In the short term, Golladay seems to agree that AI software might largely be used with a human in the loop, improving and augmenting the capabilities of human analysts or traders. Ultimately, highly complex tasks are best suited to humans and machines working together where each plays to their own strengths. For example, developing long-term investment strategies or construction of portfolios over a decade might be areas where human involvement is necessary at the moment.
Banks and financial institutions that have access to historical trading datasets can likely use AI software to help their traders make better decisions. But identifying trends that are useful and accurate requires huge amounts of data.
For example, if a business has access to trading and financial market data that has been captured at a millisecond level for over six months or more, it might be possible for the company to deploy AI solutions. Once trained using curated datasets from the millisecond level data, AI tools can identify patterns in new financial market data that might signify either growth or fall in the near future. AI tools can then help traders identify opportunities by promoting them with trading insights.
Business leaders in banking and financial services firms engaged in investment trading operations might find that deriving the right benefits from AI implementations while simultaneously avoiding any regulatory or compliance risks might be boiled down to developing systems that are input with the right types and quantity of training data.
According to Golladay and other AI experts, there seem to be commercial AI products, of varying complexity, that are tailored to trading firms.

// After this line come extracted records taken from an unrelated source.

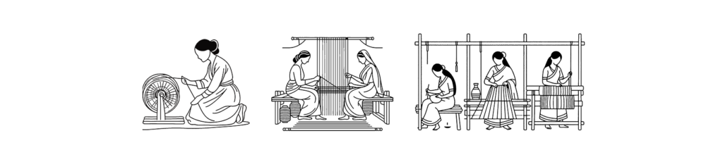 Explore breathable cotton sarees for women, elegant mundu for men, and mundu for kids. Each weave is made from fine cotton sourced from the historic mills of Nagercoil and Kannur, then woven with steady hands and thoughtful detail.
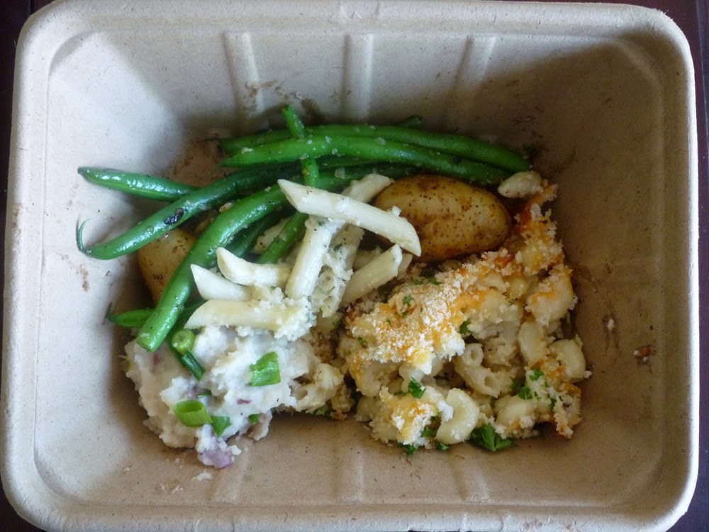 From the Whole Foods hot bar. As called by Claire, a trough. Looks like not that much in the photo, somehow, but I assure you it was enough to bankrupt me for the week, and it feels like a tidy little basketball, now, in my stomach.
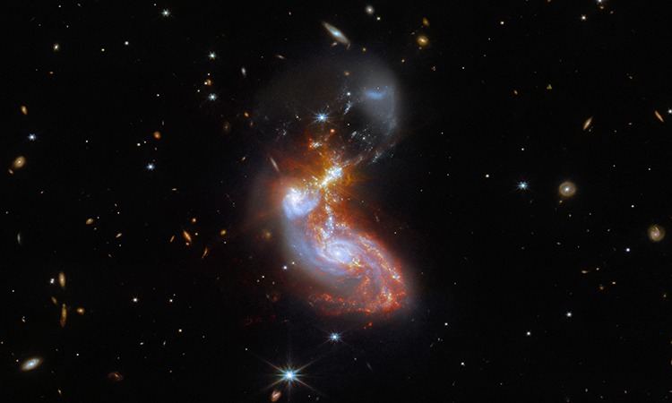 NASA hôm 1/12 công bố một bức ảnh chụp tuyệt đẹp về sự kiện va chạm thiên hà ZW II 96 ở cách xa khoảng 500 triệu năm ánh sáng.
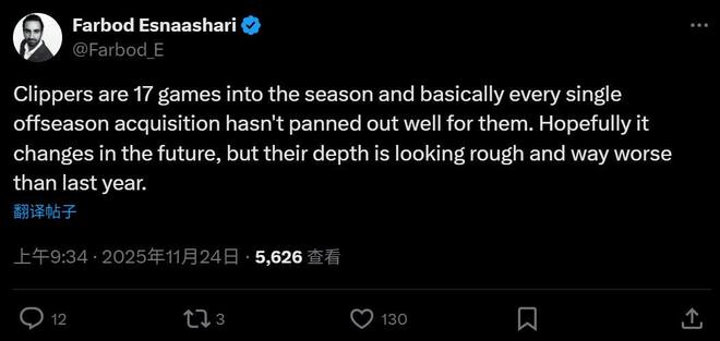 快船队押宝的替代者比尔赛季报销、保罗认清现实决定赛季结束后退役、大洛同样老迈不堪,正如快船记者Farbod Esnaashari所说,快船队引援已经全盘失败,深度比上个赛季差多了。
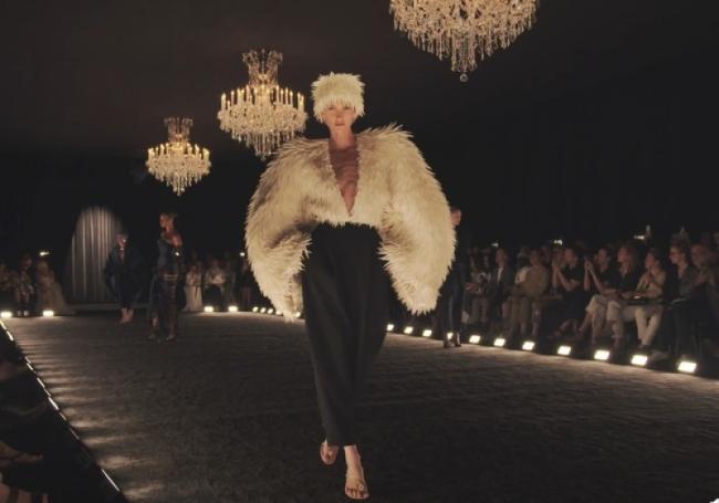 Ближе к концу коллекция сфокусировалась на платьях: из бархата, кожи, золотой фольги. Но самое интересное — последнее платье, которое и не платье вовсе, а моток нейлоновой ткани. Пока другие бренды хотя бы в пресс-релизах переживают за экологию и последствия перепотребления, Демна создает «платье» на один раз. А фрагменты лоскутных кутюрных образов не берет из сэконд-хендов или складов, а создает с нуля. И превращает глобальную проблему в фарс.

It is important to remember though, that the human resource investment might be substantial to these projects.
Additionally, we believe it might also be likely that in the near term, most simple research and trading processes might be automated. In a report on financial trading, Daniel Nadler CEO of Kensho, was quoted saying:
Analysts, young associates, vice presidents — anyone whose job is moving a column of data from one spreadsheet to another is going to get automated … Those people are not going to have jobs.
Although automation is one capability that investment firms can gain through the use of AI software, deriving machine-generated insights might be the biggest value add for traders. Financial business leaders can augment the capabilities of their traders by leveraging internal and external data to gain research and trading recommendations.
Unlike mere automation though, AI systems with access to large training data sets might improve to a point where they are capable of identifying long-term patterns, such as different strategies for volatile and non-volatile trading environments.
This article was sponsored by CognitiveScale, and was written, edited, and published in alignment with our transparent Emerj sponsored content guidelines. Learn more about reaching our AI-focused executive audience on our Emerj advertising page.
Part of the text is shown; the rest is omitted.